I had been thinking long and hard before this once-in-a-lifetime opportunity, and I told myself that I needed more than another blessing. I needed guidance. And so, instead of just answering Amen, I tried to have a dialogue with the Rebbe.
“The Rebbe told us to see a doctor who is a friend,” I began, “but the doctors say there’s nothing to do.”
“You should look for another doctor,” the Rebbe said, “until you find a doctor who is truly a friend, who will advise you.”
That was the last time the Rebbe met with the Machne Israel Development Fund before his stroke the following year.

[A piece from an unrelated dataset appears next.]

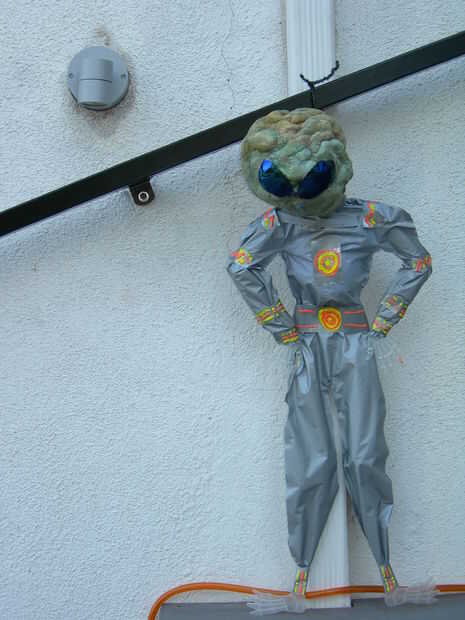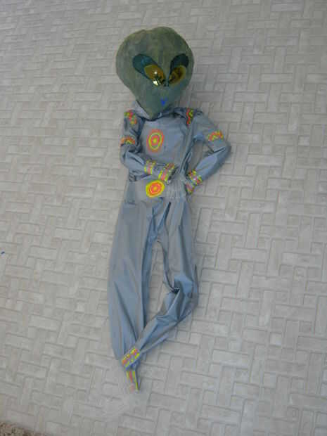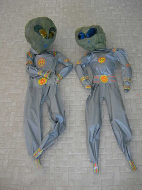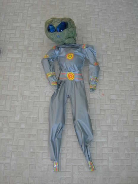 Hice los trajes de vuelo envolviendo cada cuerpo en una plata manteles plástico del partido suministro de tienda, y luego recortar al tamaño y engrapado a lo largo de las costuras. Los trajes están decorados con pintura de arte, que agrega color, dimensión y brillo.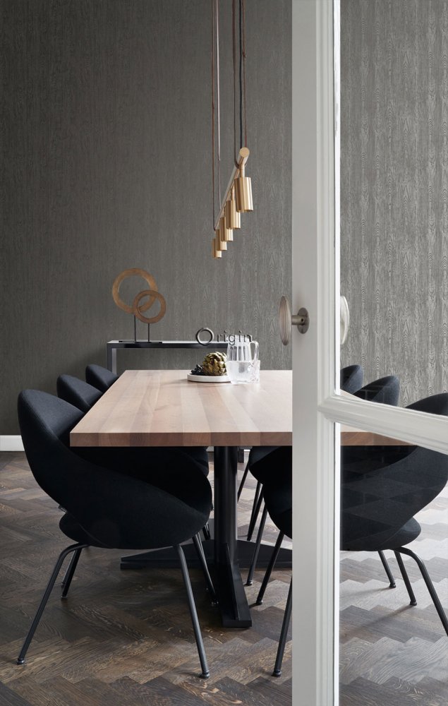 • Non-woven wallpaper collection MATIERES - WOOD - The WOOD collection of non-woven wallpapers is inspired by wood. You can choose from wood imitations in both traditional and unusual warm colours and faithfully depicted wooden patterns such as planks, annual rings, but also interesting stained glass and geometric patterns. This natural material will make your interior a cosy home.

Well-meaning people continued to tell us about doctors all around the world — we saw a doctor in Argentina, in Canada, and several in Israel — but after the Rebbe passed away in 1994, I struggled to continue.
One doctor in Herzliya told me that all these medical institutions were withholding the truth from me.
“The only reason that we’re taking you is because it pays to have American patients.” I was shocked.
While in Israel, I began to spend time with the Amshinover Rebbe, a saintly man whom I became quite close with.
“I came to say goodbye,” I told him one day. “I’m giving up all of the medical treatments, so I don’t know when I will be back in Israel.”
“How can you think of stopping?” he protested. “The Rebbe told you that you’re going to have children! I want you to go to Dr. Aby Levine in Hadassah Hospital in Ein Kerem. You must go. The Rebbe told you not to stop.”
Had the Rebbe not told me to keep going until we find a doctor who says we can do it, I would certainly have given up. I don’t even know where we found the energy to continue.
But finally, less than a year after that introduction to Dr. Levine — and eighteen years after our wedding — my wife gave birth to twin boys, and then, a year after that, to a little girl. The Rebbe’s guidance and his blessings were finally fulfilled in a beautiful way.
Rabbi Moshe Weiss serves as the director of Chabad of Sherman Oaks, California, while also involved in numerous business and investment ventures. He was interviewed in September 2011.